* **TASK REQUIREMENTS**: Each line of the data below between the one containing "또 그는 야구팀에 대한" and the one containing "セキュリティーグループで「IPv4v6-SSH」を選択して保存", both included, is to be repeated exactly. Please omit pictures.

* **GIVEN RECORDS**:
+ + + +
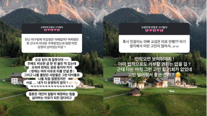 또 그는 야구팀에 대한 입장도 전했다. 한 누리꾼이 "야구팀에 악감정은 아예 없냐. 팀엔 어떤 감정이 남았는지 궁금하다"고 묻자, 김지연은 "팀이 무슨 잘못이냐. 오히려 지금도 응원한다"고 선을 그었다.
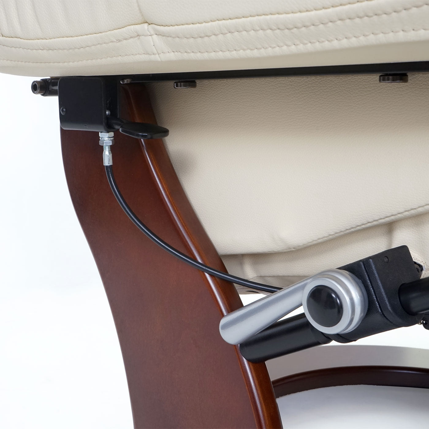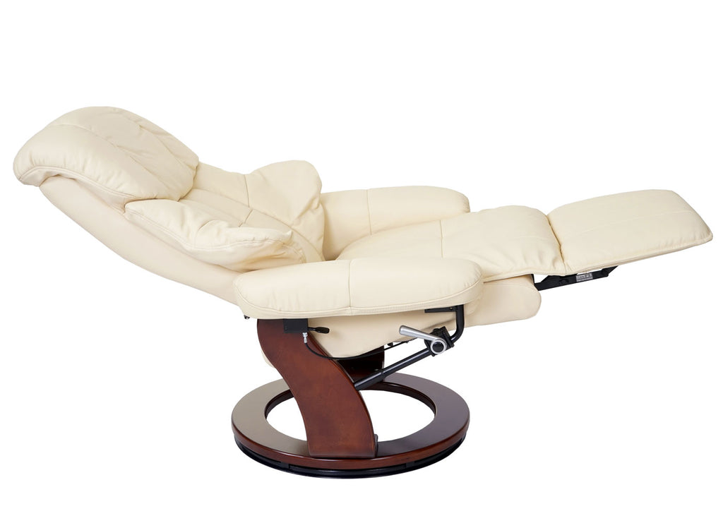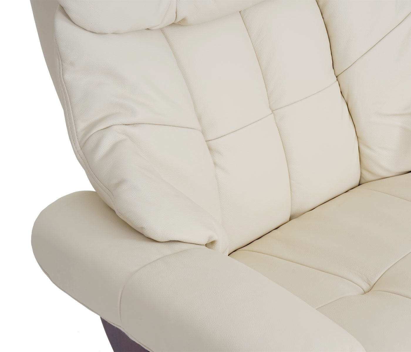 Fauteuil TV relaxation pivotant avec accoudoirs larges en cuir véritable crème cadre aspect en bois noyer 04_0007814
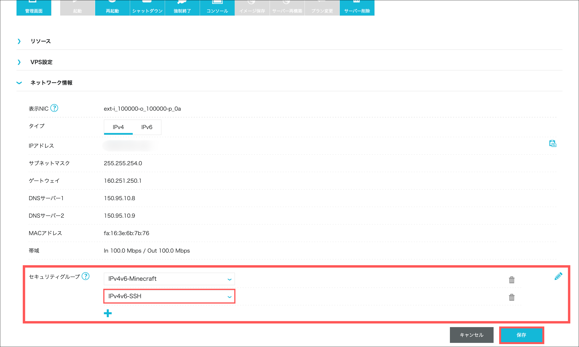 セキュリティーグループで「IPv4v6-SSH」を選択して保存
+ + + +
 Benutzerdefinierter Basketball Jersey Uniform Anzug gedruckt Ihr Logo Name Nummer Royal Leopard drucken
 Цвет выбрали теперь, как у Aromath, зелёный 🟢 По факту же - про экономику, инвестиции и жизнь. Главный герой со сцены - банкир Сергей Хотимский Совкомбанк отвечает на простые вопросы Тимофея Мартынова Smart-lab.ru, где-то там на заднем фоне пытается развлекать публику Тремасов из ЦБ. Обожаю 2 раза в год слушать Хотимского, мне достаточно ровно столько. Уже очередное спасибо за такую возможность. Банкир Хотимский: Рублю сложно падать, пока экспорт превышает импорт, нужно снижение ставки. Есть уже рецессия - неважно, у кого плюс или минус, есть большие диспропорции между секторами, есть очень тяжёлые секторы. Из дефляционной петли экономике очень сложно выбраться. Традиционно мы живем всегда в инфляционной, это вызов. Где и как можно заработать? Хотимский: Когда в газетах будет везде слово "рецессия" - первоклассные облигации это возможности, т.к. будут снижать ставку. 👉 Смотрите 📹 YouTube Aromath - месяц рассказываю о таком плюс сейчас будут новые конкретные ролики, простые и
+ + + +
* **RESULT OF THE TASK**:
 또 그는 야구팀에 대한 입장도 전했다. 한 누리꾼이 "야구팀에 악감정은 아예 없냐. 팀엔 어떤 감정이 남았는지 궁금하다"고 묻자, 김지연은 "팀이 무슨 잘못이냐. 오히려 지금도 응원한다"고 선을 그었다.
 Fauteuil TV relaxation pivotant avec accoudoirs larges en cuir véritable crème cadre aspect en bois noyer 04_0007814
 セキュリティーグループで「IPv4v6-SSH」を選択して保存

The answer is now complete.